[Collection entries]
# # # # #
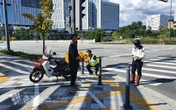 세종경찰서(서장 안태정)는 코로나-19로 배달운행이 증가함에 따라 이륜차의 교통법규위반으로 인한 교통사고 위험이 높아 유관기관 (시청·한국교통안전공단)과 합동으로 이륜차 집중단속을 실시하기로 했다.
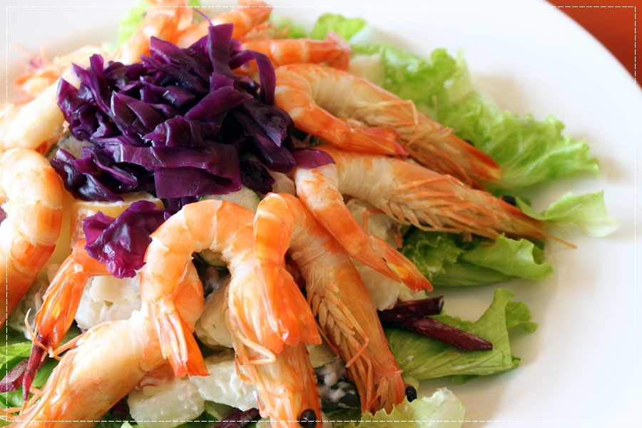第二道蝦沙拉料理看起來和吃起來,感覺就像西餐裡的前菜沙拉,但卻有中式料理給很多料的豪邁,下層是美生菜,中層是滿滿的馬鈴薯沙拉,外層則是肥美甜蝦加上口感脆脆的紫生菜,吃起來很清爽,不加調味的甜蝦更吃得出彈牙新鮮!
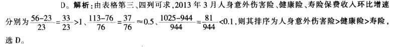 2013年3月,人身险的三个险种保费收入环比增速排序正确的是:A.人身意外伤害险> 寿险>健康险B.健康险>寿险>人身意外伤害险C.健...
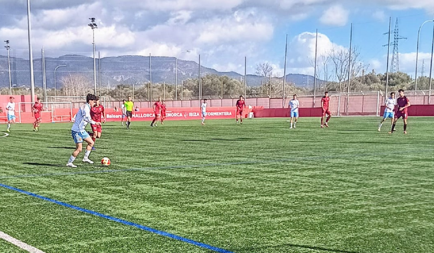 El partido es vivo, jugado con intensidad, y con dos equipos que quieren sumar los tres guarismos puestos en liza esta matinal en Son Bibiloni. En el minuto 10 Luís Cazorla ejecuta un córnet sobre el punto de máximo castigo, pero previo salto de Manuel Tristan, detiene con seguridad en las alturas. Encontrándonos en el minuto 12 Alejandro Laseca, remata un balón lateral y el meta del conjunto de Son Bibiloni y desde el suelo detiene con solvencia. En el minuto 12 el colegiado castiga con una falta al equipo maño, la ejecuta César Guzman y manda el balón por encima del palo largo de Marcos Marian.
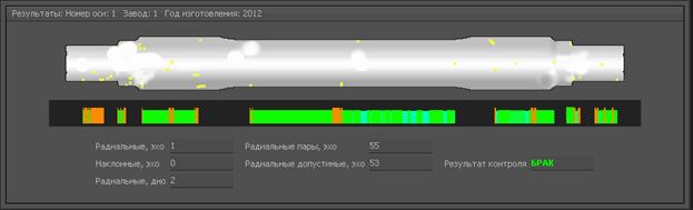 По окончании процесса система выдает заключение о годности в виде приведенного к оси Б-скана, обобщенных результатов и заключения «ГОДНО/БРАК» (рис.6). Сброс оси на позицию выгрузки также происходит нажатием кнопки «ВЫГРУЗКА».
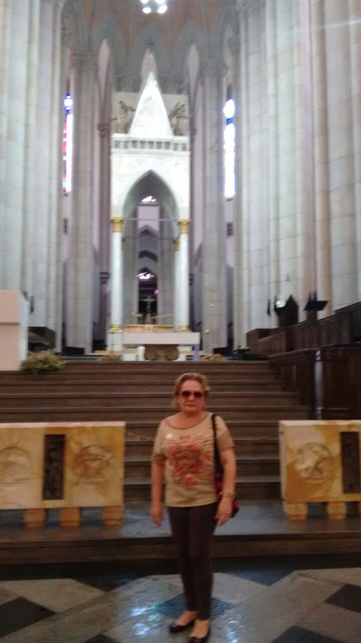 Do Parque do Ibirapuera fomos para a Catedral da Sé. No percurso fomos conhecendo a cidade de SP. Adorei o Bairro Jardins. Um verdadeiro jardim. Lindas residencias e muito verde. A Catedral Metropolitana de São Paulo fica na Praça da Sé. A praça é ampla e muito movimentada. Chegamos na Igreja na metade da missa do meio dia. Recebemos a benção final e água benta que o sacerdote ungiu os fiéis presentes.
# # # # #
● **PROBLEM DETAILS**: Leaving each picture behind, please give again exactly the lines above from the one with "2013年3月,人身险的三个" through the one with "По окончании процесса", both included, and no others.

● **RESULT**:
 2013年3月,人身险的三个险种保费收入环比增速排序正确的是:A.人身意外伤害险> 寿险>健康险B.健康险>寿险>人身意外伤害险C.健...
 El partido es vivo, jugado con intensidad, y con dos equipos que quieren sumar los tres guarismos puestos en liza esta matinal en Son Bibiloni. En el minuto 10 Luís Cazorla ejecuta un córnet sobre el punto de máximo castigo, pero previo salto de Manuel Tristan, detiene con seguridad en las alturas. Encontrándonos en el minuto 12 Alejandro Laseca, remata un balón lateral y el meta del conjunto de Son Bibiloni y desde el suelo detiene con solvencia. En el minuto 12 el colegiado castiga con una falta al equipo maño, la ejecuta César Guzman y manda el balón por encima del palo largo de Marcos Marian.
 По окончании процесса система выдает заключение о годности в виде приведенного к оси Б-скана, обобщенных результатов и заключения «ГОДНО/БРАК» (рис.6). Сброс оси на позицию выгрузки также происходит нажатием кнопки «ВЫГРУЗКА».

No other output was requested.